Stanley se aproxima nas pontas dos pés, observa a cena com atenção. A cabeça do pai no encosto reclinável, as pernas estendidas para frente sobre a mesa de centro. O cigarro ainda respirando no cinzeiro e o porta-retratos com a foto da esposa arrebentado no chão ao lado de uma garrafa de uísque.

“Que ele não esteja gelado! Que ele não esteja gelado! Que ele não esteja gelado…”

Stanley estende as mãos e sente a frieza do pai queimar os dedos.

O fôlego falha, os olhos se enchem de lágrimas e o pijama fica ainda mais cheio de suor. As laterais da cabeça ganham agulhadas e na garganta ocorre um incêndio.

O garoto vê os olhos do homem brancos como neve. As pálpebras esticadas, a língua pendendo do canto da boca e sangue seco manchando das narinas ao queixo.

Antes que o grito se forme e ganhe impulso nos pulmões, Stanley nota a barriga do cadáver crescer. Observa um nó surgir sob o queixo, os olhos inflarem nas órbitas e algo escorrer dos ouvidos deixando um rastro sinuoso. Os botões da calça e camisa desprendem, a carne do rosto estica e veias saltam da testa.

Stanley chora e ao evocar mais uma vez o pai uma mão alcança seu braço. Aperta.

O garoto olha para a coisa na poltrona. Observa o morto gorgolejando sangue enquanto grunhe uma frase:

— É tudo culpa sua!

O menino se liberta. Corre. Sobe os degraus gritando sem ouvir a própria voz. Tranca a porta do quarto, voa para a cama e esconde-se sob o lençol. Ouve passos marcando os degraus da escada, rápidos como o palpitar de seu coração.

As luzes oscilam.

Stanley grita até sentir os pulmões arderem e a visão ficar turva. Começa a tossir e cospe uma porção de terra misturada com sangue. Ouve algo rastejar dentro dos ouvidos, leva as mãos às têmporas.

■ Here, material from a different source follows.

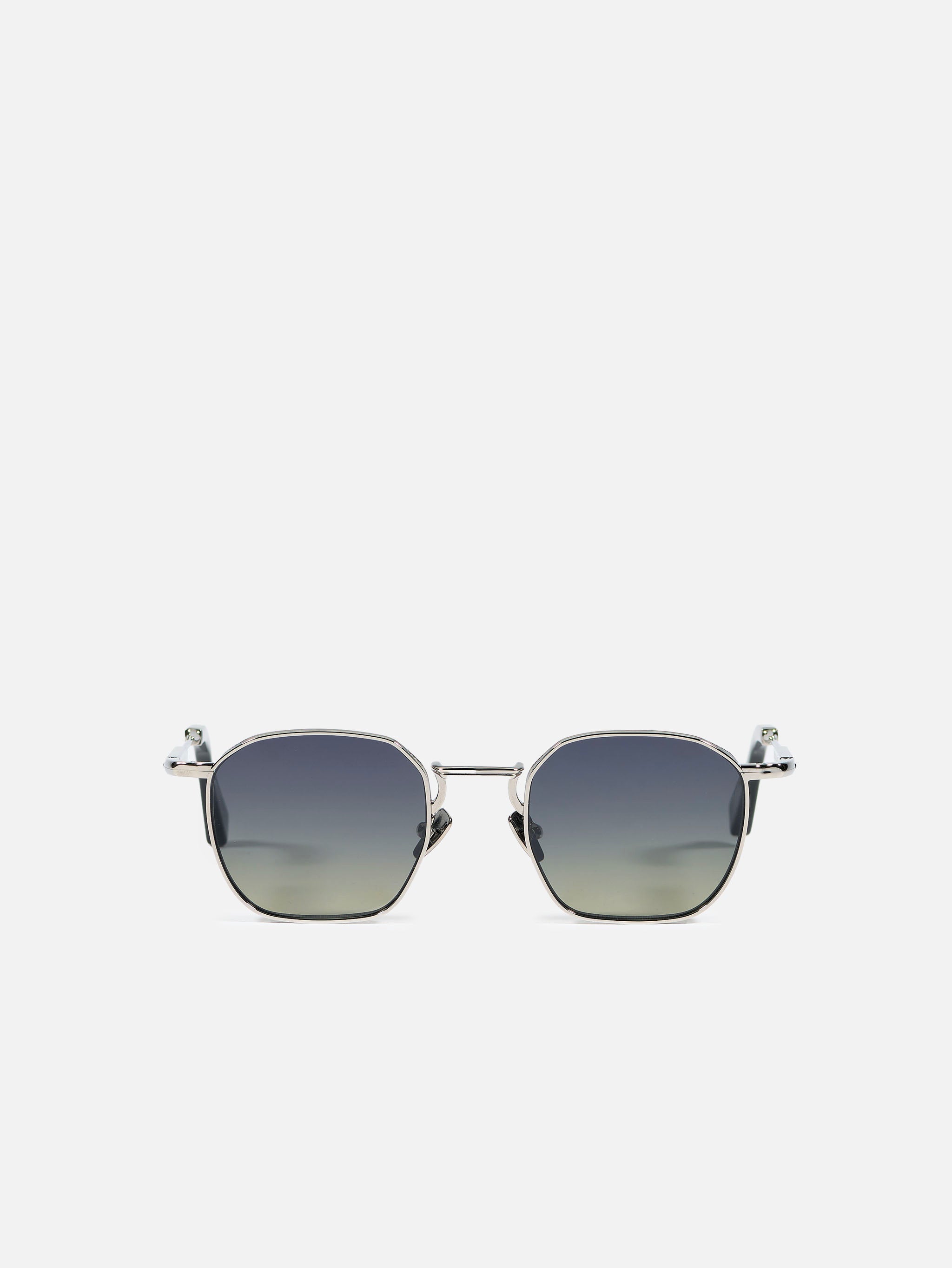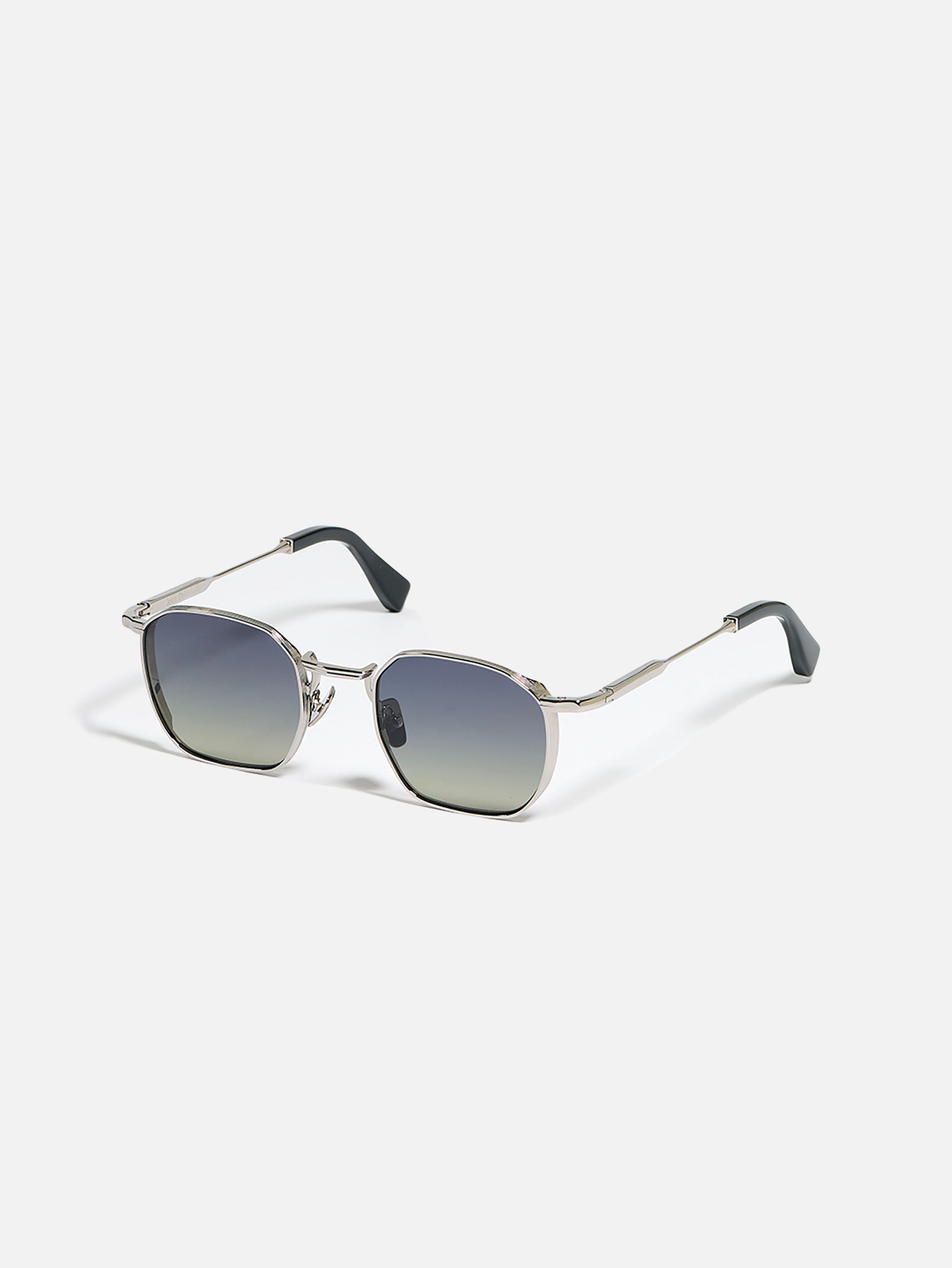 A unisex graphic shape with rims carved out of a 4mm engraved metal strip. The frame is enlivened by our new geometric bridge and features traditional end pieces. Ruthenium plated alloy frame (c. 3µ layer). Night Blue polarized gradient CR39 lenses with AR treatment. Reference C-526. Case and cleaning cloth are included.

A sombra chega à porta desejando entrar. A madeira começa a ceder, as dobradiças rangem, rachaduras nascem na superfície de mogno e a maçaneta gira.

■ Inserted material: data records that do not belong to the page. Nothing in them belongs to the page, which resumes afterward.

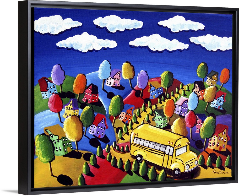 <p>The school bus makes it way through the colorful landscape, picking up the children.</p>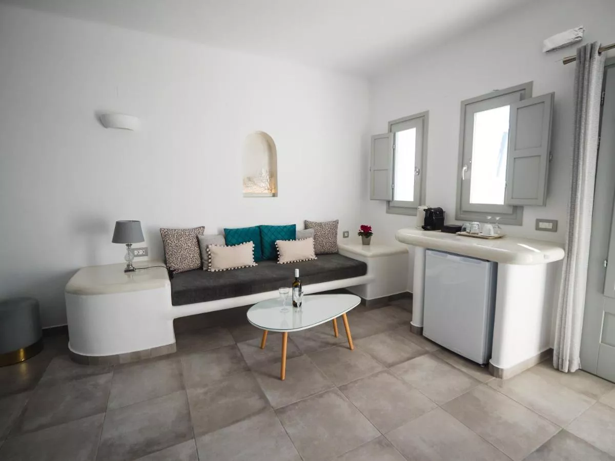 Încântătoarele camere cicladice și suitele luxoase sunt climatizate și au paturi din beton. Fiecare este echipată cu un seif, televizor prin satelit și o baie privată cu produse de toaletă gratuite.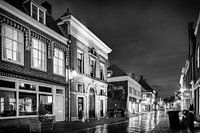 De Waag, in de Benschopperstraat in IJsselstein, stamt uit 1779. Het weeggedeelte van de Waag is nog altijd helemaal intact. Het grote gedeelte kan naar buiten worden uitgeschoven. Op de locatie van De Waag stond ook al eerder een waag. Een gedenksteen uit 1599 herinnert daar nog aan. Deze foto is de zwartwit uitvoering van een avondopname. Er is ook een kleuren uitvoering van dezelfde foto. Zie elders in dit album.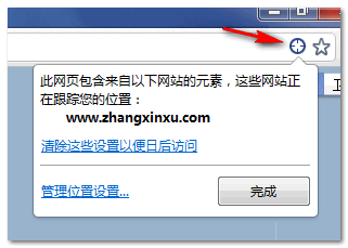 如果是Chrome浏览器的话直接点击地址栏右边长得像轮船方向盘一样的小图标就会看到可以取消地理位置的小框框了:

De súbito os empurrões cessam.

O silêncio sepulcral se abriga no ar.

Stanley salta da cama, corre para olhar pela fechadura e não percebe uma névoa vermelha se materializando sob a cama.

Ele vira para o lado e projeta as costas para a parede. Da névoa nascem garras, faíscas, um par de olhos negros e uma criatura que surge brandindo ódio. O fedor estrangulador perfura as narinas de Stanley, sua face é um misto de pavor e alegria.

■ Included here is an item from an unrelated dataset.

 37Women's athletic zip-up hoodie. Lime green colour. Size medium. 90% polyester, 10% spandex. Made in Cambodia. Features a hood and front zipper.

O infante segura a vontade insana de correr para longe, lançar-se pela vidraça da janela.

Stanley desdobra os braços; as mãos espalmadas, os dedos em riste, os olhos marejados nublando a visão. A boca é um abismo de onde grunhidos escapam tentando formar frases compreensíveis.

A criatura vai ao encontro do garoto. As garras brilham, as presas gotejam uma saliva gosmenta, o corpo escamoso libera insetos asquerosos e os cabelos despejam um líquido viscoso.

Eles se abraçam.

Stanley sorri em meio a lágrimas.

A Coisa o aperta. Asfixia. As costelas do garoto cedem ao abraço do reencontro, o sangue escapa pelos cantos dos olhos e narinas. Os membros alcançam ângulos impossíveis, a carne fica azulada e os lábios roxos. Mais terra escapa da boca, os dentes apodrecem e caem. O rosto empalidece, as juntas ficam rígidas e o fedor de carne em decomposição sobrepuja todos os outros. Apesar de tudo o sorriso permanece.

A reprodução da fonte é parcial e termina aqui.